Moldova now stymied by Russian tax regime
- Tuesday 27 February 2007
In spring 2006 Russia banned imports of alcohol from Moldova and Georgia, claiming the products were of inferior quality and failed to meet health and safety standards. But Moldovan officials said the ban – which reduced wine exports by 40% – was politically motivated and possibly illegal.
The ban crippled the industry, which suffered losses estimated at US$180m during 2006. At least 27 wineries are believed to have been bankrupted.
The ban was lifted in November, with the proviso that all imports are tested for quality. But it now appears that a new and punishing tax regime on imported wines will make Moldovan wines prohibitively expensive.
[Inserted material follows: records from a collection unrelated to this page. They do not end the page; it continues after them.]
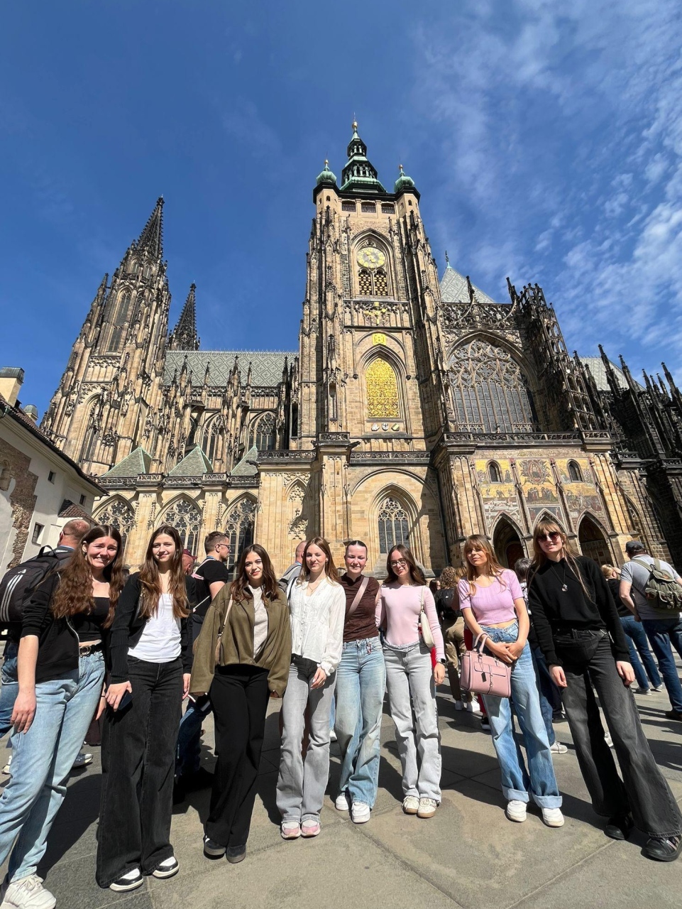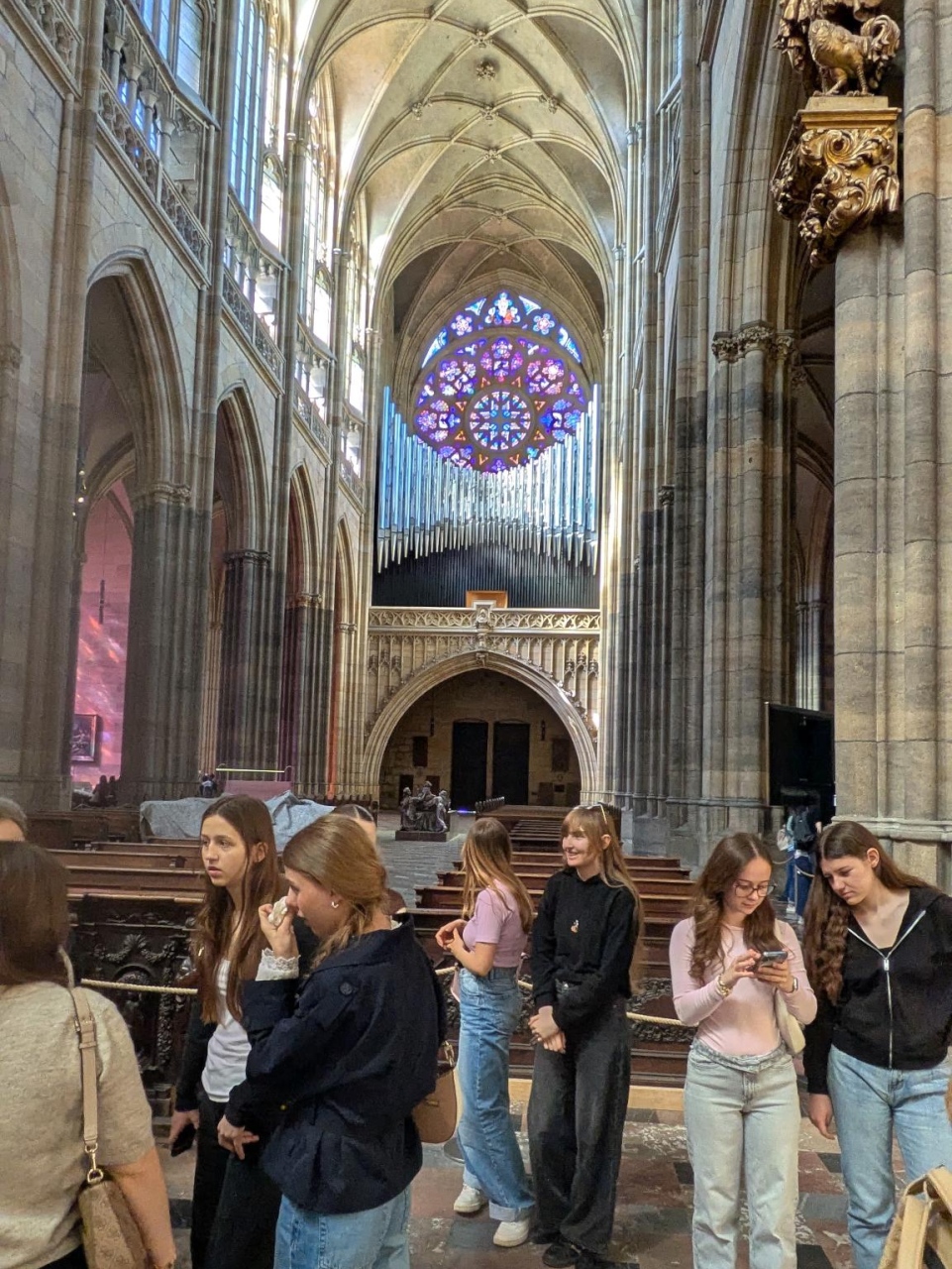 Heute erlebten wir unseren ersten richtigen Tag in Prag. Am Morgen starteten wir mit einem Besuch der Prager Burg, einem der bedeutendsten Wahrzeichen der Stadt. Dort erhielten wir spannende Einblicke in die Geschichte und Architektur der Anlage. Besonders beeindruckend war die Besichtigung des Veitsdoms auf dem Burggelände, dessen Größe und kunstvolle Gestaltung uns nachhaltig fasziniert haben.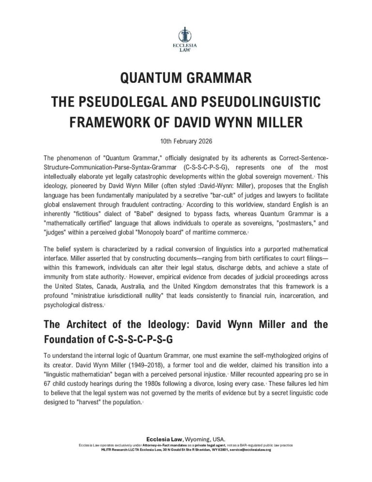Today, Clifford serves as a technical and strategic consultant for MLITR Research LLC (Ecclesia Law), authoring forensic reports that simplify complex legal and financial structures. He also acts as the Head Minister for the Republic of Old Souls (ROS), a 508(c)(1)(a) faith-based ministry and ecclesiastical trust.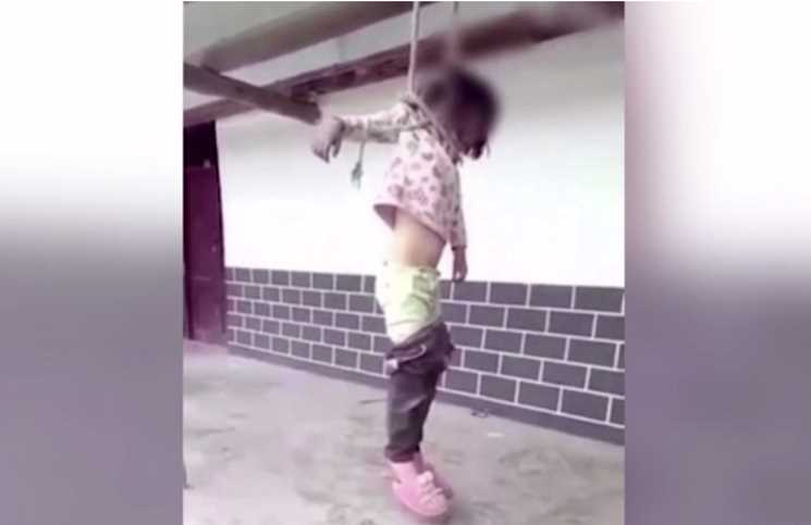 أقدمَ أبٌ صينيّ في مقاطعة جيانغ بمقاطعة سيتشوان بجنوب غرب الصين، على تعليق طفلته التي تبلغ من العمر (8 سنوات)، من عنقها بعد ضربها ضرباً مبرحاً؛ لقيامها بتمزيق أوراق طلاق والديها.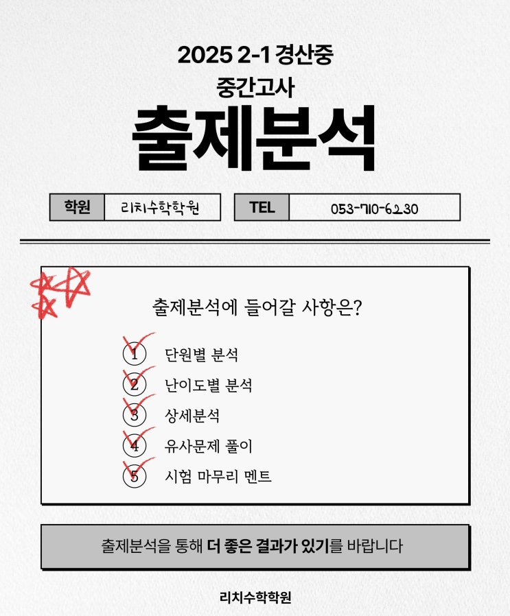 경산사동수학학원 - 경산중 2-1 중간고사 시험분석(2025) / 정리,습관이 점수를 만든다

Imported wine containing additives is taxable at RUB15.8 (€0.45) per 75cl bottle, while ‘natural’ wine (produced purely by grape fermentation with no additives of alcohol, grape concentrate or must for sweetening) pays a much lower rate of RUB2.2 (€0.06).
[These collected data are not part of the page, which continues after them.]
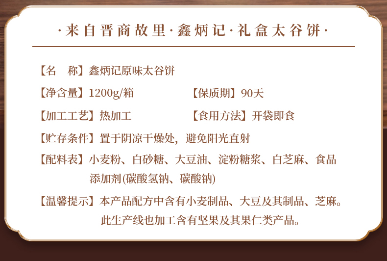 鑫炳记原味太谷饼礼盒1200g山西特产零食小吃点心传统糕点送礼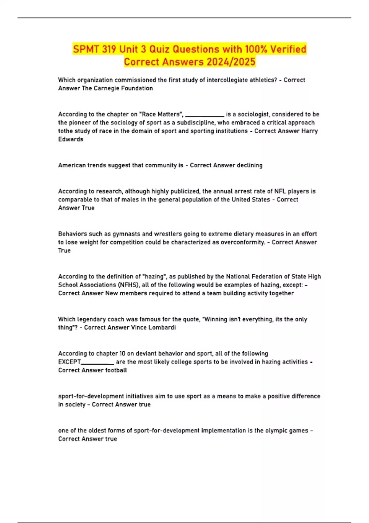 SPMT 319 Unit 3 Quiz Questions with 100% Verified Correct Answers 2024/2025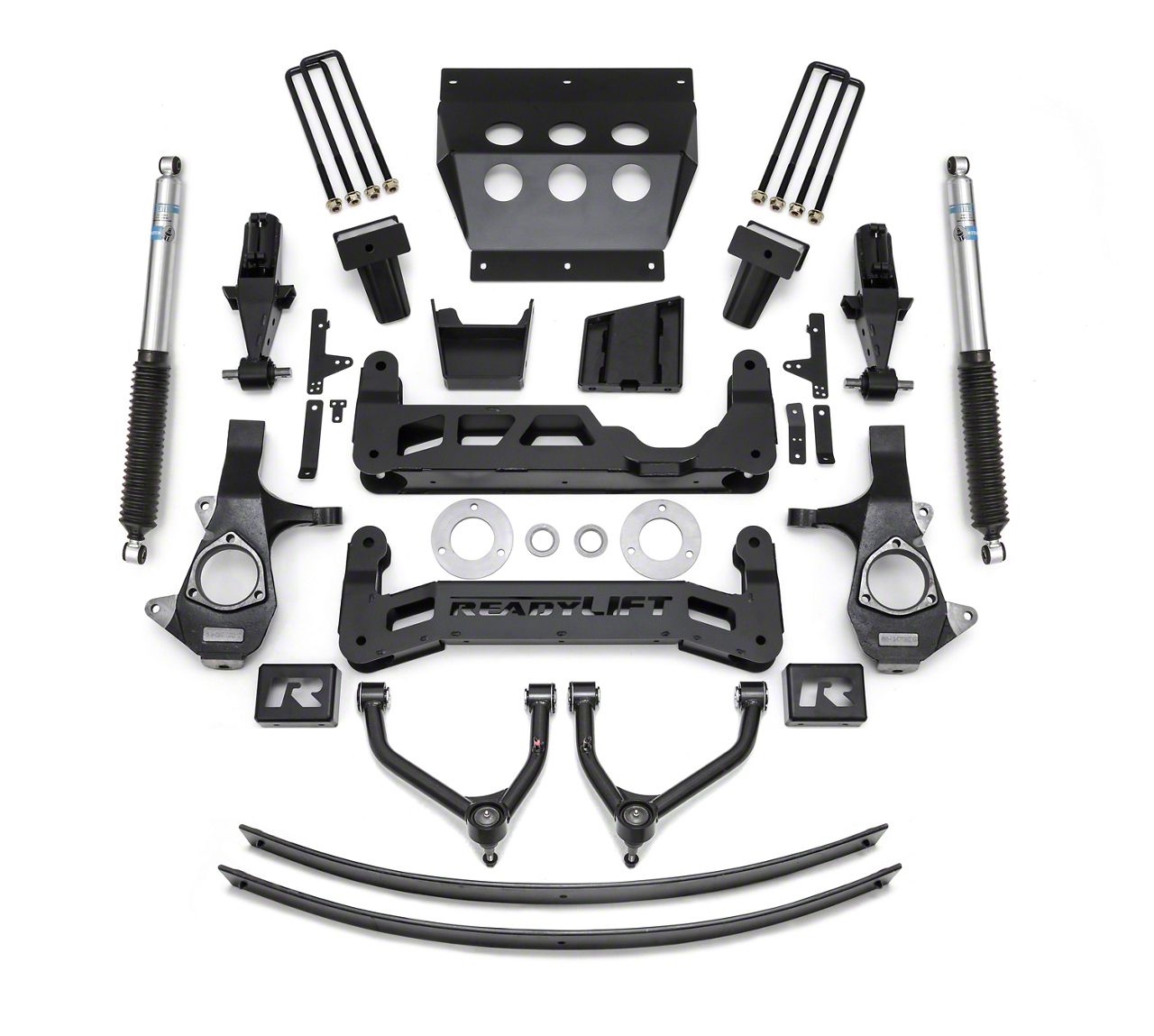 Fitted with Bilstein Shocks. ReadyLIFT uses Bilstein shocks in this suspension lift kit. This shock assembly features a monotube design to give the user a guaranteed fade-free and consistent performance. In addition, Bilstein shock absorbers are tuned according to specific applications to assure optimal performance.

Moldova used to export around 70% of its wine to Russia as low-priced, semi-sweet and semi-dry. The Russian Federal Customs Service removed all semi-sweet and semi-dry wine from the ‘natural’ wine category in January – putting Moldovan imports into the higher tax bracket.
‘The new higher tax will basically just about finish off Moldova even when the market opens,’ a winery source in Moldova said.
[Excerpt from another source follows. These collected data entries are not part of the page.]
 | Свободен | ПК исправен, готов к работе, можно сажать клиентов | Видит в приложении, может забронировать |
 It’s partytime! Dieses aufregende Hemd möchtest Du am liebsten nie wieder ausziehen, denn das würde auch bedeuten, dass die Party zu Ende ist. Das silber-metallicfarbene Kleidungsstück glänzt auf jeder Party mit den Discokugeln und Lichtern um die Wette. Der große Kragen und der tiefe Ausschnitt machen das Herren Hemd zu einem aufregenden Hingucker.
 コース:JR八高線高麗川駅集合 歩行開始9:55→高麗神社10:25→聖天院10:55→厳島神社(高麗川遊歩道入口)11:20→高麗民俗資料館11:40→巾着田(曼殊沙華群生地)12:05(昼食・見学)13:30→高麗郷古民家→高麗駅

At the same time it is hoped that Russian vice-premier Alexander Zhukov’s new bill on wine sales, due in March, will bring import duties on natural and enriched wines more in line with EU tax regimes.
Meanwhile the industry has been waiting for details of quality control standards and customs procedures.
A Russian customs delegation visited Moldova earlier this month to agree on a single border checkpoint for all exports.
Russian inspectors are due to draw up a limited list of wineries approved to start wine exports – sources suggest that only around 10 will be on this list.